● **WORK REQUIRED**: For this exercise, repeat exactly the lines below starting at the line holding "Esta configuración tradicional" and ending at the line holding "این ظرفیت بالا،", both included, with no extra lines and no pictures.

● **DATA FOR THIS EXERCISE**:
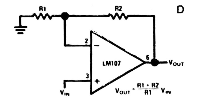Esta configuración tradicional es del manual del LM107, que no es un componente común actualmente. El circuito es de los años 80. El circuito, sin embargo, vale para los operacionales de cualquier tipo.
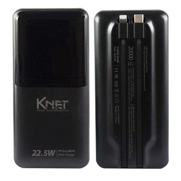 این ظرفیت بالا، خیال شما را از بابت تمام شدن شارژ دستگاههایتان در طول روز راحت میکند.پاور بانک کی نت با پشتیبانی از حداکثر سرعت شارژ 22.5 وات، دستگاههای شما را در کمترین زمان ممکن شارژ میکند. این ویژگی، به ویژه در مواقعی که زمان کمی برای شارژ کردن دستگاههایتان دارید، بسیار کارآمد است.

...

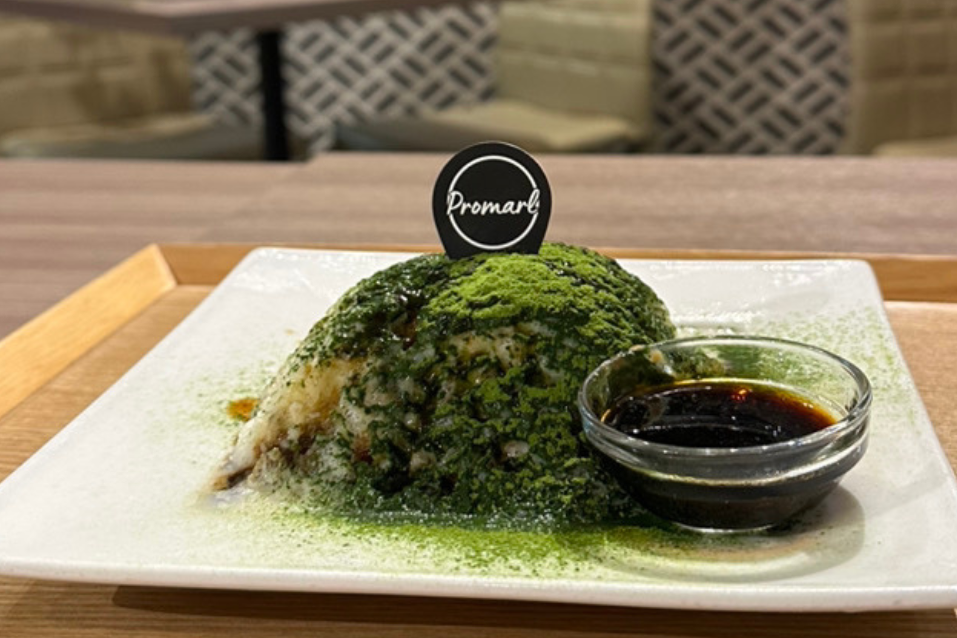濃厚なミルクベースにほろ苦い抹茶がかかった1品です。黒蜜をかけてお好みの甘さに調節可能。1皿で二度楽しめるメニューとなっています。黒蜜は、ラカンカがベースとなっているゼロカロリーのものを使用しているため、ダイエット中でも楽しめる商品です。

● **WRITTEN ANSWER**:
Esta configuración tradicional es del manual del LM107, que no es un componente común actualmente. El circuito es de los años 80. El circuito, sin embargo, vale para los operacionales de cualquier tipo.
 این ظرفیت بالا، خیال شما را از بابت تمام شدن شارژ دستگاههایتان در طول روز راحت میکند.پاور بانک کی نت با پشتیبانی از حداکثر سرعت شارژ 22.5 وات، دستگاههای شما را در کمترین زمان ممکن شارژ میکند. این ویژگی، به ویژه در مواقعی که زمان کمی برای شارژ کردن دستگاههایتان دارید، بسیار کارآمد است.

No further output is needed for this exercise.